Uma parte de nossas elites já foi nacionalista, principalmente na fase de Vargas, quando se juntaram e conseguiram impor projetos de desenvolvimento autônomo e de longo prazo no país, mas essas foram se dispersando com a rearticulação das elites conservadoras apoiadas por grupos estrangeiros, que reafirmaram a nossa ‘vocação’ primário exportadora, e voltamos a vender para fora basicamente frutas, cereais e carnes para o estrangeiro. Fora disso só os aviões se destacam, que são resultados de um esforço nacionalista pontual com a fundação da, inicialmente estatal, EMBRAER, e assim entregamos e extenso mercado de veículos local (que chegou a ser o sexto maior no mundo) a produtores estrangeiros, fabricados internamente ou importados.

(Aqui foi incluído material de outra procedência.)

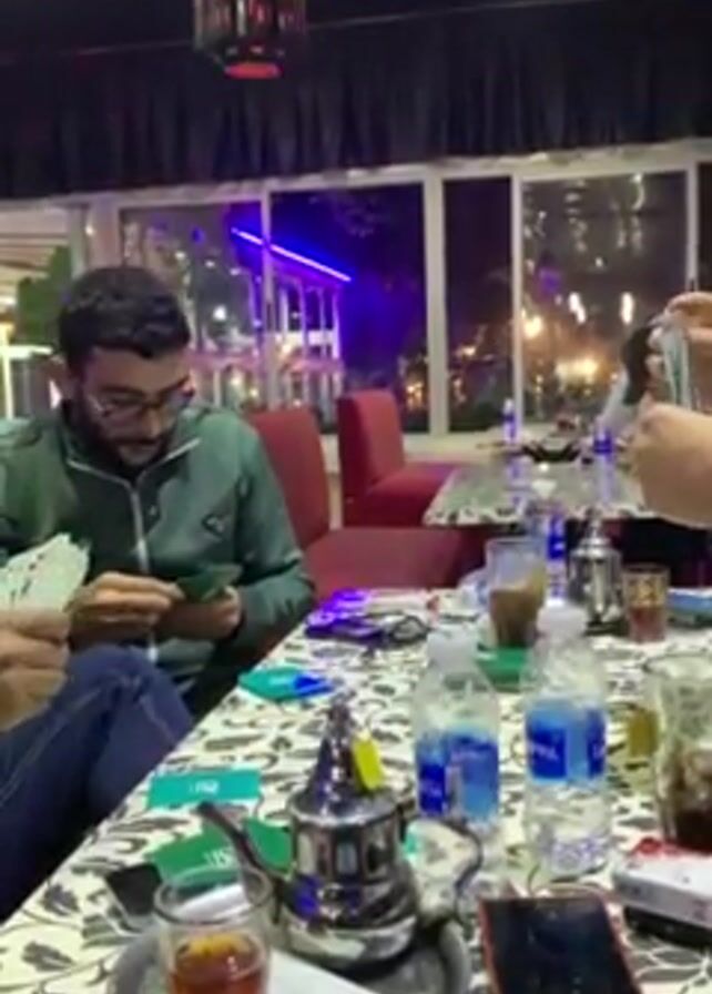 A group of people are sitting around a table playing cards in a cafe. One man in a green jacket and glasses is focused on his hand of cards. A teapot, glasses of tea, water bottles, and other items are on the table. The cafe has large windows looking out onto a brightly lit area, with red chairs and decorative lighting inside.

O Brasil é um país de grandes extensões, economia com possibilidades significativas, contudo, premido por uma condição periférica. Falta encarar o desafio da estruturação ampla, superando a existência de ilhas de desenvolvimento cercada de pobreza por todos lados. Na modernidade da produção limpa levamos vantagem em relação a muitos países, na medida em que temos rios para hidroelétricas, temperatura e clima para usinas eólicas e minerais em terras raras. Tudo isso exige concepção e projeto nacionalista de aproveitamento para que o usufruto seja predominantemente local, e não internacional. Quando tivermos essa concepção clara, grandes empreendedores como Gurgel terão sua obra produtiva incentivada e apoiada para que possam sobreviver a adversidades e crescer para suprir o mercado, especialmente o brasileiro.
* Professor titular do departamento de economia da Universidade federal da Paraíba.